Targeting Ability of c(RGDyK)-Functionalized Nanoparticles is Inhibited by Protein Coronas

Abstract

Nanoparticles functionalized with targeting ligands have been proposed as effective carriers for the selective delivery of diagnostic or therapeutic reagents to desired locations in the body. However protein coronas formed on the surface of such functionalized nanoparticles may affect their targeting efficiency when introduced into physiological environment. Here, Zinc Doped Iron Oxide Nanoparticles (Zn_0.4Fe_2.6O₄ NPs) were prepared, and functionalized with Cyclic arginine-glycine-aspartic Acid (c(RGDyK)) peptide to target U87MG cells. To investigate the effect of protein coronas on targeting efficiency, qualitative and quantitative approaches were utilized to compare the cellular uptake of nanoparticles pre-coated with or without bovine serum albumin (BSA). The results demonstrated that the specific particle-cell association was dramatically inhibited by protein coronas, indicating that the absorbed protein coronas could mask the targeting ligands on the surface of the nanoparticles and resulted in a considerable reduction in the functional targeting ability. This study provides novel insights into the significance of functionalized particles with a particular physiological environment.

Keywords

Cyclic RGD peptide, Magnetic nanoparticles, Protein corona, Targeting ability

Introduction

Particle-cell associations were extensively studied by numerous researchers in terms of corona formations on the nanoparticles surface [1-3]. Physicochemical properties of nanoparticles such as iron oxide [4], zinc oxide [5], titanium dioxide [6], silica [7] and gold [8] have been shown to profoundly influence the composition of the forming protein corona. And thus, the interactions of nanoparticles with cells and tissues are determined directly by this protein "corona" rather than the intrinsic properties of the nanoparticles [9]. From this point of view, the protein coronas could influence cellular uptake and trafficking of the nanoparticles [10] even with particle internalization, biodistribution and the clearance processes in vivo [11]. For instance, in order to deliver the nanoparticles to the binding target effectively, the nanoparticles were modified to avoid absorbing opsonization by phagocytes and detection by the immune system [12]. Surface modification of polymeric nanoparticles with poly(ethylene glycol) (PEG) has been proven to effectively reduce the absorption of opsonins, particularly IgG and complement [13]. Polysorbate 80-coated nanoparticles become spontaneously covered by dysopsonins such as apolipoproteins from the blood after injection, achieving long-circulating in the bloodstream and promoting nanoparticles to cross the blood-brain barrier [14]. In addition, the protein corona can also improve the therapeutic effect [15] and reduce the potential toxic effects of the high risk nanoparticles [16].

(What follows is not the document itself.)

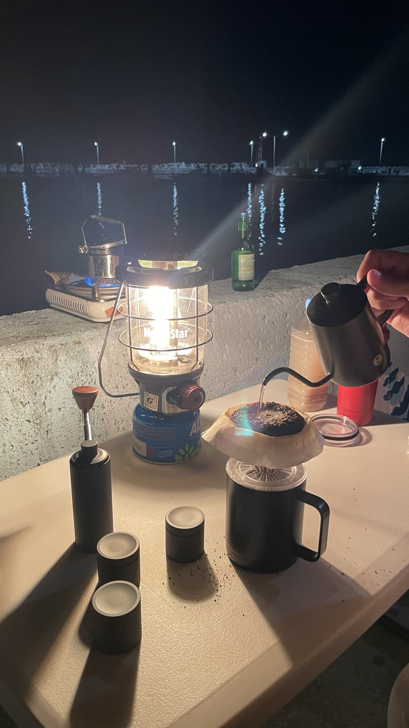바로 한발 아래에서 일렁이는 파도 소리와 마침 보름달이 밝게 비추는 방파제와 어우러진 바다를 바라보며 준비해온 커피 드립 도구들을꺼내서 손으로 돌려가며 그라인딩을하고 갈려진 원두를 드리퍼 필터에 차곡히 쌓고 뜨거운 물을 부으니 바다향과 함께 어우러진 커피향이 사르르 피어오른다. 시원한 바닷바람을 맞으며 드넓게 펼쳐진 밤바다를 바라보며 마시는 커피는 커피의 맛과 더불어 분위기에 취해 더없이 맛있는 커피맛이되었다. 자연속에서 즐기는 야생의 삶을 불편하다는 이유로 거부하던 아내를 꼬신것도 바로 이 한잔의 커피였으니 이맛을 못잊어 다음 여정에도 동참하지 않을까 기대하며 행복에 겨운 커피를 홀짝 거렸다.

Targeting is an approach that can enhance the efficacy of cancer diagnosis and therapy by increasing the dose at the intended locations, thereby reducing the side effects in the bystander tissues [17]. Among the known approaches, active targeting is becoming increasingly prominent. Active targeting via specific ligands, such as proteins, antibodies or small biomolecules, can be recognized by the overexpressed receptors in the target cells [18]. Cyclic arginine-glycine-aspartic acid (c(RGDyK), y: tyrosine, K: lysine) peptides have been used to specifically bind to the overexpressed integrin α_νβ₃ on various tumor cells or on the tumor microvasculature [19-21]. Therefore, c(RGDyK) peptide was conjugated onto the ultrasmall superparamagnetic iron oxide nanocarriers to facilitate the uptake of the nanosystem by cancer cells such as glioblastomas [22,23].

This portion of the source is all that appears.